• _To do_:
Return all of the data verbatim, dropping any picture.

• _Data shown_:
+===+

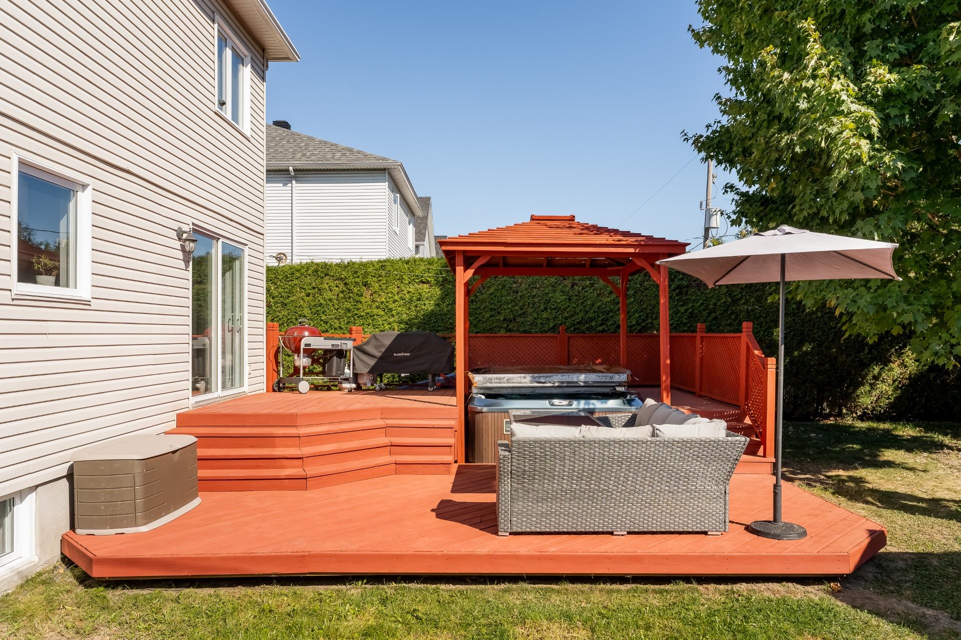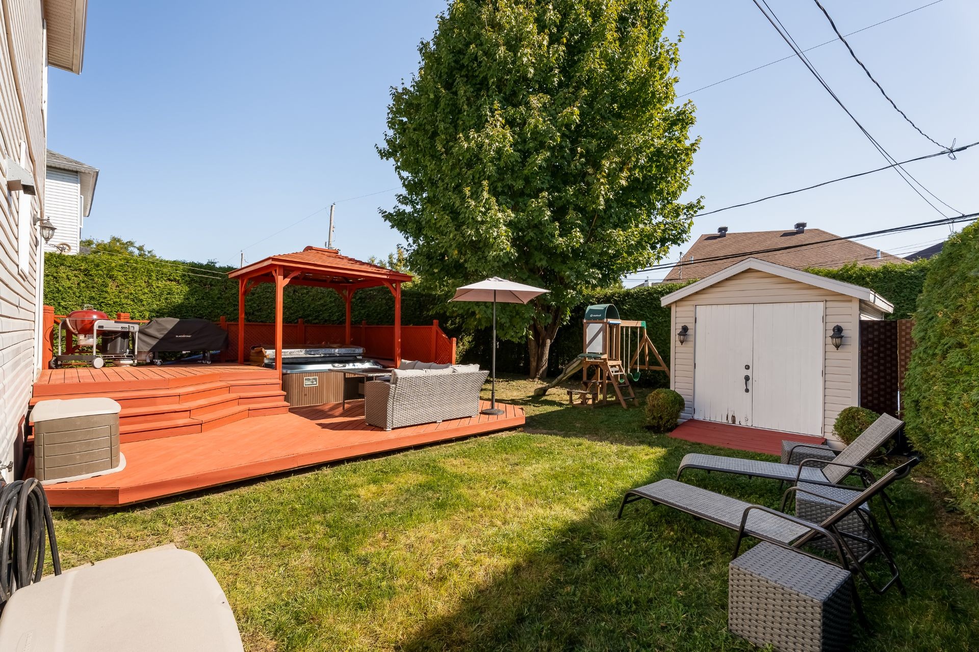 Belle cours privée, intime, bordée de haies et un spa. Un véritable havre de paix où s'allient quiétude, confort et qualité de vie, tout en étant près de tout.
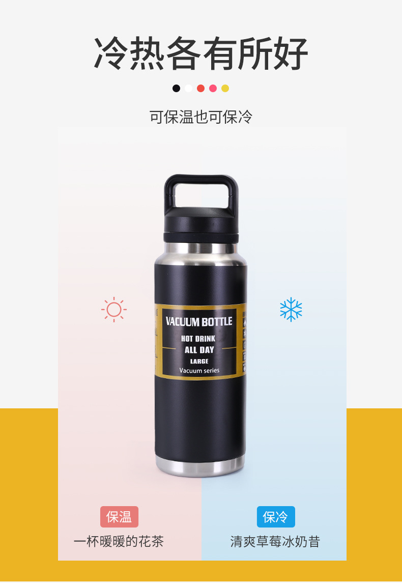 Vaso Aislado Estilo Yeti, Gran Capacidad, Acero Inoxidable 304, Botella de Agua Deportiva Portátil, Apta para Ciclismo y Senderismo al Aire Libre.
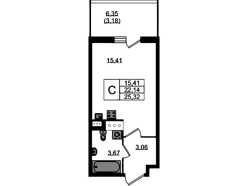 Квартира-студия на 12-ом этаже 25,32 кв.м

+===+

• _Answer section_:
 Belle cours privée, intime, bordée de haies et un spa. Un véritable havre de paix où s'allient quiétude, confort et qualité de vie, tout en étant près de tout.
 Vaso Aislado Estilo Yeti, Gran Capacidad, Acero Inoxidable 304, Botella de Agua Deportiva Portátil, Apta para Ciclismo y Senderismo al Aire Libre.
 Квартира-студия на 12-ом этаже 25,32 кв.м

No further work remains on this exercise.